Regression analysis using EXCEL
In this section we will illustrate how EXCEL’s Regression tool can be used to perform the regression analysis computations for the Armand’s Pizza Parlours problem. Refer to Figure 14.25 as we describe the steps involved. The labels Restaurant, Population and Sales are entered into cells A1:C1 of the worksheet. To identify each of the ten observations, we entered the numbers 1 through 10 into cells A2:A11. The sample data are entered into cells B2:C11. The steps involved in using the Regression tool for regression analysis follow.
|Step 1||Data > Data Analysis > Regression||[Main menu bar]|
|Step 2||Enter C1:C11 in the Input Y Range box||[Regression panel]|
|Enter B1:B11 in the Input X Range box|
|Select Confidence Level. Enter 99 in the Confidence Level box|
|Select Output Range|
|Enter A13 in the Output Range box (to identify the upper left corner of the section of the worksheet where the output will appear)|
The first section of the output, titled Regression Statistics, contains summary statistics such as the coefficient of determination (R Square). The second section of the output, titled ANOVA, contains the analysis of variance table. The last section of the output, which is not titled, contains the estimated regression coefficients and related information. We will begin our discussion of the interpretation of the regression output with the information contained in cells A28:I30.
Interpretation of estimated regression equation output
The y intercept of the estimated regression line, b0 = 60, is shown in cell B29, and the slope of the estimated regression line, b1 = 5, is shown in cell B30. The label Intercept in cell A29 and the label Population in cell A30 are used to identify these two values. In Section 14.5 we showed that the estimated standard deviation of b1 is sb1 = 0.5803.
Note that the value in cell C30 is the standard error, or standard deviation, sb1 of b1. Recall that the t test for a significant relationship required the computation of the t statistic, t = b1/sb1. For the Armand’s data, the value of t that we computed was t = 5/0.5803 = 8.62. The label in cell D28, t Stat, reminds us that cell D30 contains the value of the t test statistic.
The value in cell E30 is the p-value associated with the t test for significance. EXCEL has displayed the p-value in cell E30 using scientific notation. To obtain the decimal value, we move the decimal point five places to the left, obtaining a value of 0.0000255. Because the p-value = 0.0000255 < α = 0.01, we can reject H0 and conclude that we have a significant relationship between student population and quarterly sales.
Cells F28:I30 refer to confidence interval estimates of the y intercept and slope of the estimated regression equation. EXCEL always provides the lower and upper limits for a 95 per cent confidence interval. Recall that in step 4 we selected Confidence Level and entered 99 in the Confidence Level box. As a result, EXCEL’s Regression tool also provides the lower and upper limits for a 99 per cent confidence interval. The value in cell H30 is the lower limit for the 99 per cent confidence interval estimate of β1 and the value in cell I30 is the upper limit. Thus, after rounding, the 99 per cent confidence interval estimate of β1 is 3.05 to 6.95. The values in cells F30 and G30 provide the lower and upper limits for the 95 per cent confidence interval. Thus, the 95 per cent confidence interval is 3.66 to 6.34.

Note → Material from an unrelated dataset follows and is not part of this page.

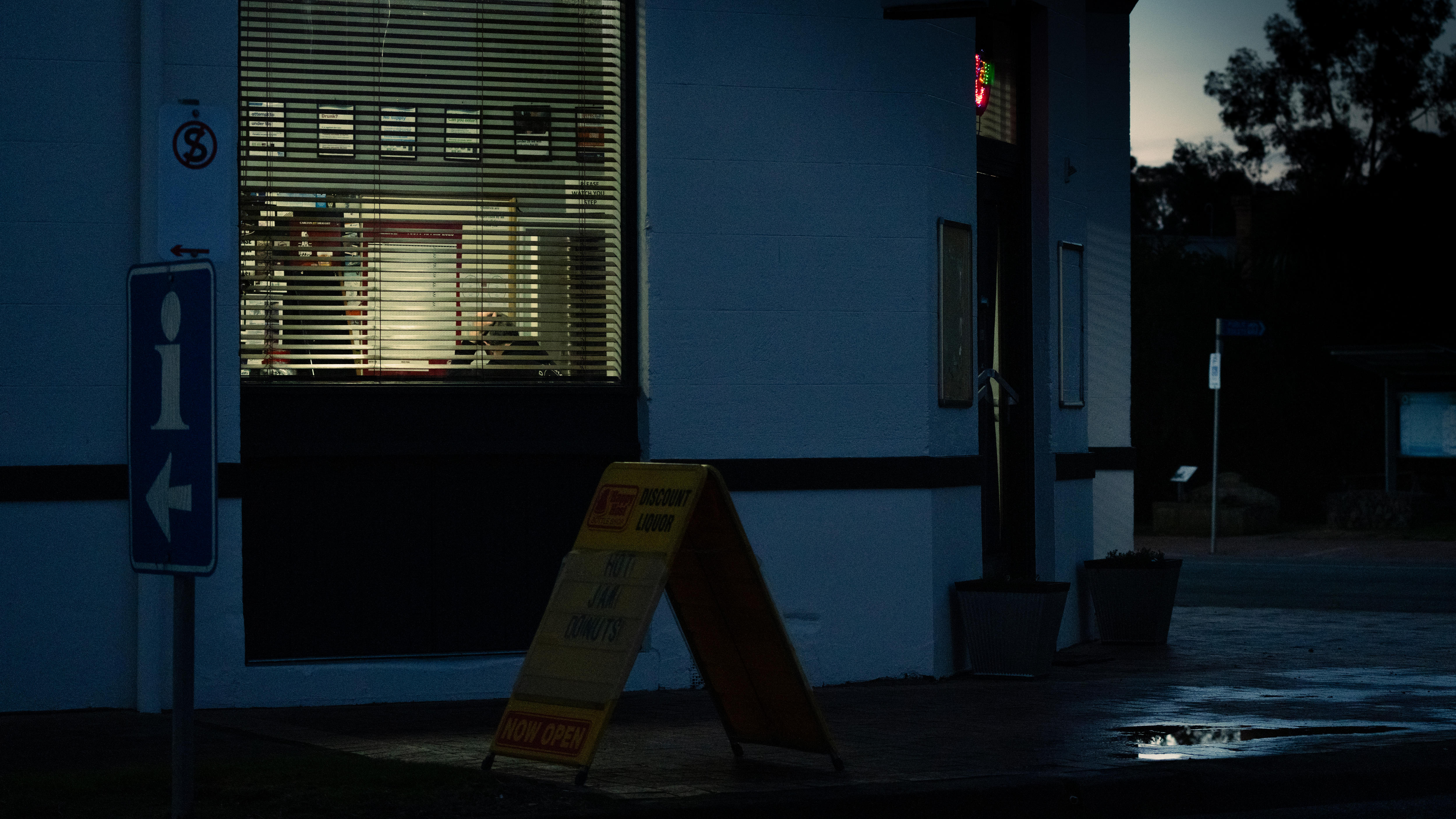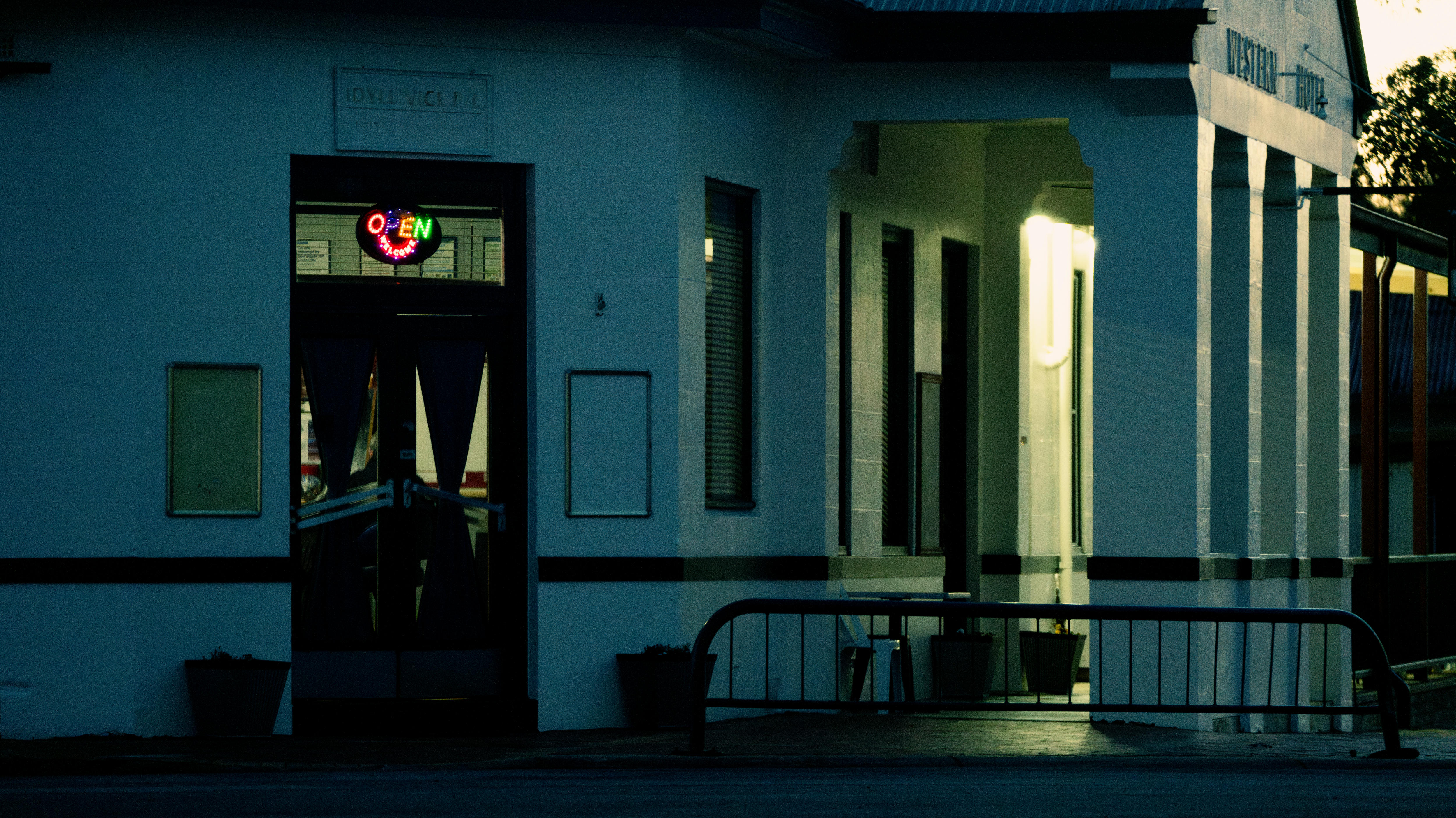 The town's only cop, Geoff Barcham, is pumped for information by the locals at the Western Hotel as he sits down to his weekly parma.

Interpretation of ANOVA output
The information in cells A22:F26 is a summary of the analysis of variance computations. The three sources of variation are labelled Regression, Residual and Total. The label df in cell B23 stands for degrees of freedom, the label SS in cell C23 stands for sum of squares, and the label MS in cell D23 stands for mean square.
In Section 14.5 we stated that the mean square error, obtained by dividing the error or residual sum of squares by its degrees of freedom, provides an estimate of σ2. The value s2 in cell D25, 191.25, is the mean square error for the Armand’s regression output. In Section 14.5 we showed that an F test could also be used to test for significance in regression.

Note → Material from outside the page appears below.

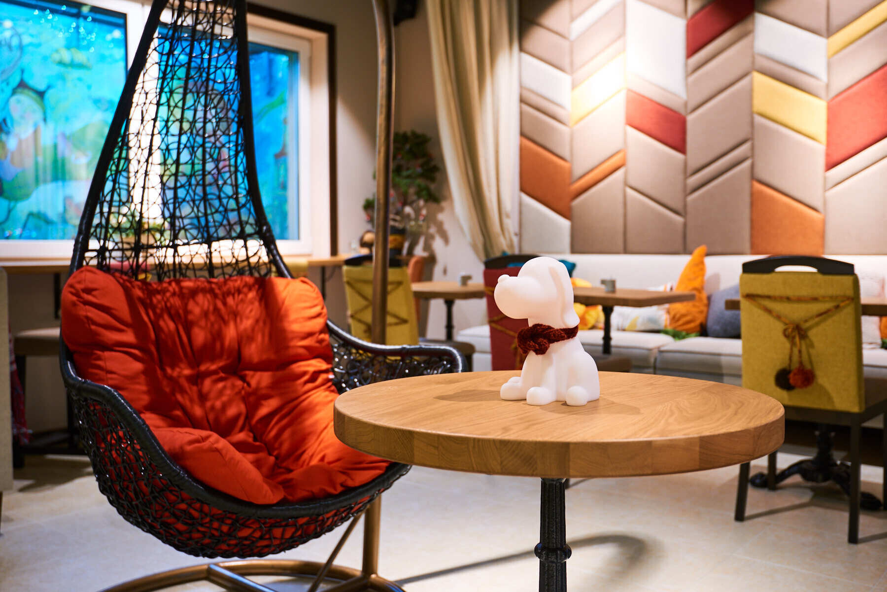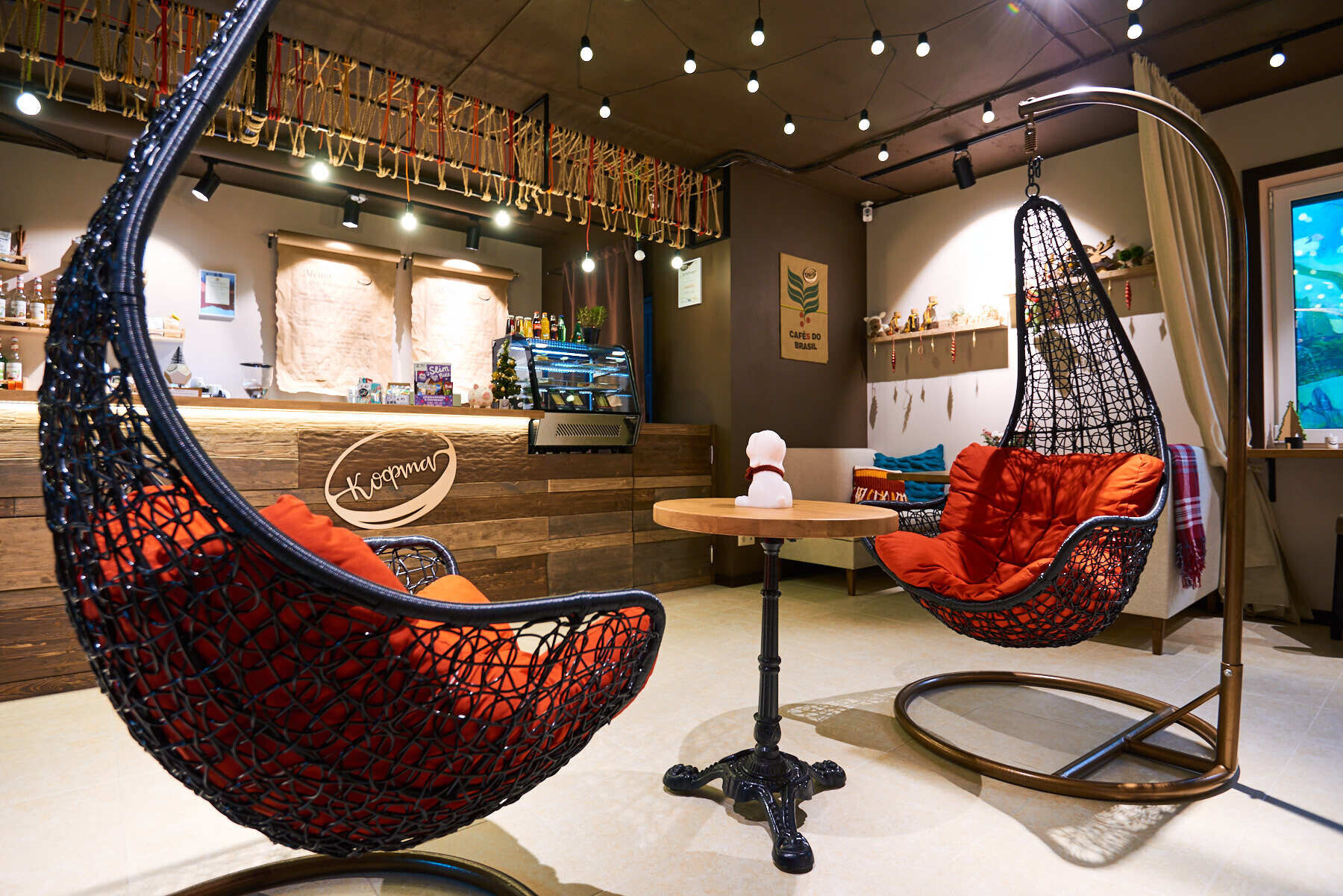В кофейне признаются, что излюбленные места гостей — диваны у барной стойки и стол, который находится рядом с детской зоной. Те же, кто приходят за заказами навынос, выбирают большие подвесные кресла. Но в кофейне предупреждают: стоит в них только сесть — и не заметишь, как пролетит час. Уж очень удобные.

The value in cell F24, 0.0000, is the p-value associated with the F test for significance. Because the p-value = 0.0000 < α = 0.01, we can reject and conclude that we have a significant relationship between student population and quarterly sales. The label EXCEL uses to identify the p-value for the F test for significance, shown in cell F23, is Significance F.
Interpretation of regression statistics output
The coefficient of determination, 0.9027, appears in cell B17; the corresponding label, R Square, is shown in cell A17. The square root of the coefficient of determination provides the sample correlation coefficient (though EXCEL always shows the positive square root of R2) of 0.9501 shown in cell B16. Note that EXCEL uses the label Multiple R (cell A16) to identify this value. In cell A19, the label Standard Error is used to identify the value of the standard error of the estimate shown in cell B19. Thus, the standard error of the estimate is 13.8293. We caution the reader to keep in mind that in the EXCEL output, the label Standard Error appears in two different places. In the Regression Statistics section of the output, the label Standard Error refers to the estimate of σ. In the Estimated Regression Equation section of the output, the label Standard Error refers to sb1, the standard deviation of the sampling distribution of b1.